◆ What you will do ◆
Reproduce every line below exactly as written; do not include the images.

◆ Provided information ◆

━━━━━━━━━━━━━━━━━━━━━━━━━━━━━━

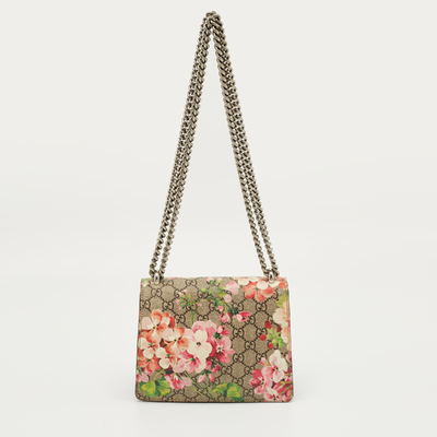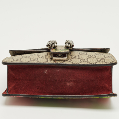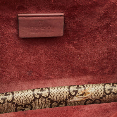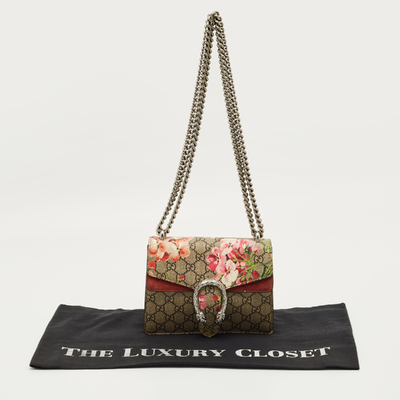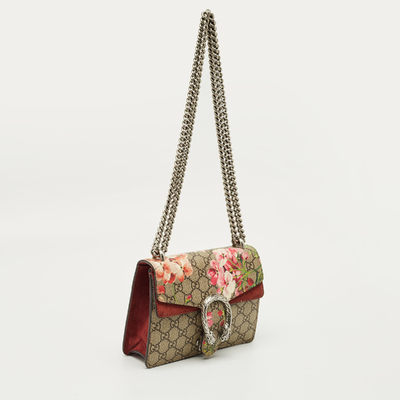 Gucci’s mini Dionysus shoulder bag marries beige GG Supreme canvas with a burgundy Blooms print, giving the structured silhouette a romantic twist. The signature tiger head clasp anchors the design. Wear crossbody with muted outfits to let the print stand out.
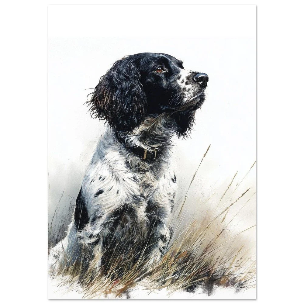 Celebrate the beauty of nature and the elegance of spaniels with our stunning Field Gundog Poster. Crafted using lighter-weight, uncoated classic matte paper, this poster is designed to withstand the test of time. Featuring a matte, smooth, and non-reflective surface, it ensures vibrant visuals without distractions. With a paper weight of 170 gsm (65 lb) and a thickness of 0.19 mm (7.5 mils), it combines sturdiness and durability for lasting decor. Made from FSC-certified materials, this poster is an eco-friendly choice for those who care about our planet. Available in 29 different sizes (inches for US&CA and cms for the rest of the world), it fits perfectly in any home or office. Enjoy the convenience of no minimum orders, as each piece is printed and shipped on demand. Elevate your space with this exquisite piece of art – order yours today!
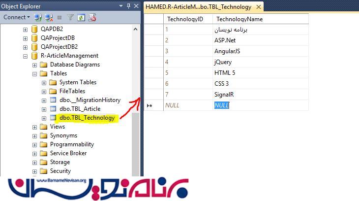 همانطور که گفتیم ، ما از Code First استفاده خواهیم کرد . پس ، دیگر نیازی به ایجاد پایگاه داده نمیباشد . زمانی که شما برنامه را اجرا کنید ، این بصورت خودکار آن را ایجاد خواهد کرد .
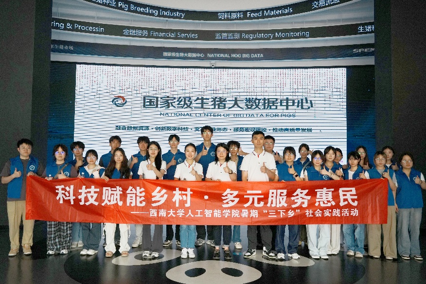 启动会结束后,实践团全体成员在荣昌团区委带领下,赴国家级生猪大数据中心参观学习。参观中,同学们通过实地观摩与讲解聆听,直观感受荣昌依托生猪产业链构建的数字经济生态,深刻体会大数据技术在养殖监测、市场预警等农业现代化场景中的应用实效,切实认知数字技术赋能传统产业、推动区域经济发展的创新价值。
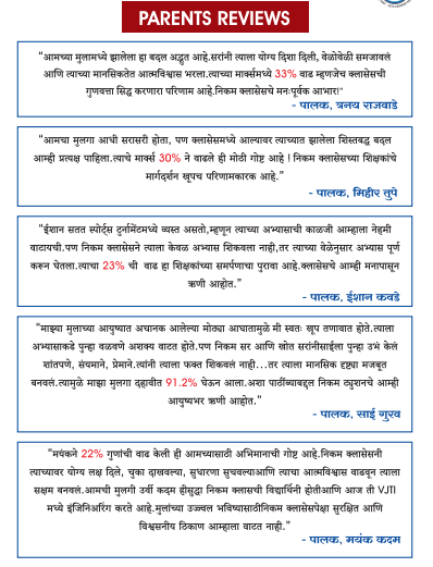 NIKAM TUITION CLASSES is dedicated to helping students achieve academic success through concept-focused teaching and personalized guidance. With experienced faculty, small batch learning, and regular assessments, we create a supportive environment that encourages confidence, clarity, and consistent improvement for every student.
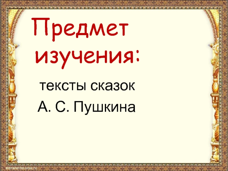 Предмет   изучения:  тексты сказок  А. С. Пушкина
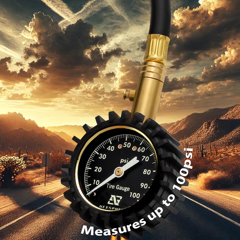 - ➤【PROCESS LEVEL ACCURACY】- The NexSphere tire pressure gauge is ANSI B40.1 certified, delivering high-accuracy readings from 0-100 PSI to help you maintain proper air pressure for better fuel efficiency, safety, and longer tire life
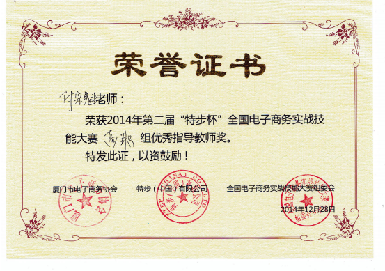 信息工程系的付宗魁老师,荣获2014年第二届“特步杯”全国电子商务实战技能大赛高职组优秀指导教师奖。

━━━━━━━━━━━━━━━━━━━━━━━━━━━━━━

◆ Answer to the problem ◆
 Gucci’s mini Dionysus shoulder bag marries beige GG Supreme canvas with a burgundy Blooms print, giving the structured silhouette a romantic twist. The signature tiger head clasp anchors the design. Wear crossbody with muted outfits to let the print stand out.
 Celebrate the beauty of nature and the elegance of spaniels with our stunning Field Gundog Poster. Crafted using lighter-weight, uncoated classic matte paper, this poster is designed to withstand the test of time. Featuring a matte, smooth, and non-reflective surface, it ensures vibrant visuals without distractions. With a paper weight of 170 gsm (65 lb) and a thickness of 0.19 mm (7.5 mils), it combines sturdiness and durability for lasting decor. Made from FSC-certified materials, this poster is an eco-friendly choice for those who care about our planet. Available in 29 different sizes (inches for US&CA and cms for the rest of the world), it fits perfectly in any home or office. Enjoy the convenience of no minimum orders, as each piece is printed and shipped on demand. Elevate your space with this exquisite piece of art – order yours today!
 همانطور که گفتیم ، ما از Code First استفاده خواهیم کرد . پس ، دیگر نیازی به ایجاد پایگاه داده نمیباشد . زمانی که شما برنامه را اجرا کنید ، این بصورت خودکار آن را ایجاد خواهد کرد .
 启动会结束后,实践团全体成员在荣昌团区委带领下,赴国家级生猪大数据中心参观学习。参观中,同学们通过实地观摩与讲解聆听,直观感受荣昌依托生猪产业链构建的数字经济生态,深刻体会大数据技术在养殖监测、市场预警等农业现代化场景中的应用实效,切实认知数字技术赋能传统产业、推动区域经济发展的创新价值。
 NIKAM TUITION CLASSES is dedicated to helping students achieve academic success through concept-focused teaching and personalized guidance. With experienced faculty, small batch learning, and regular assessments, we create a supportive environment that encourages confidence, clarity, and consistent improvement for every student.
 Предмет   изучения:  тексты сказок  А. С. Пушкина
 - ➤【PROCESS LEVEL ACCURACY】- The NexSphere tire pressure gauge is ANSI B40.1 certified, delivering high-accuracy readings from 0-100 PSI to help you maintain proper air pressure for better fuel efficiency, safety, and longer tire life
 信息工程系的付宗魁老师,荣获2014年第二届“特步杯”全国电子商务实战技能大赛高职组优秀指导教师奖。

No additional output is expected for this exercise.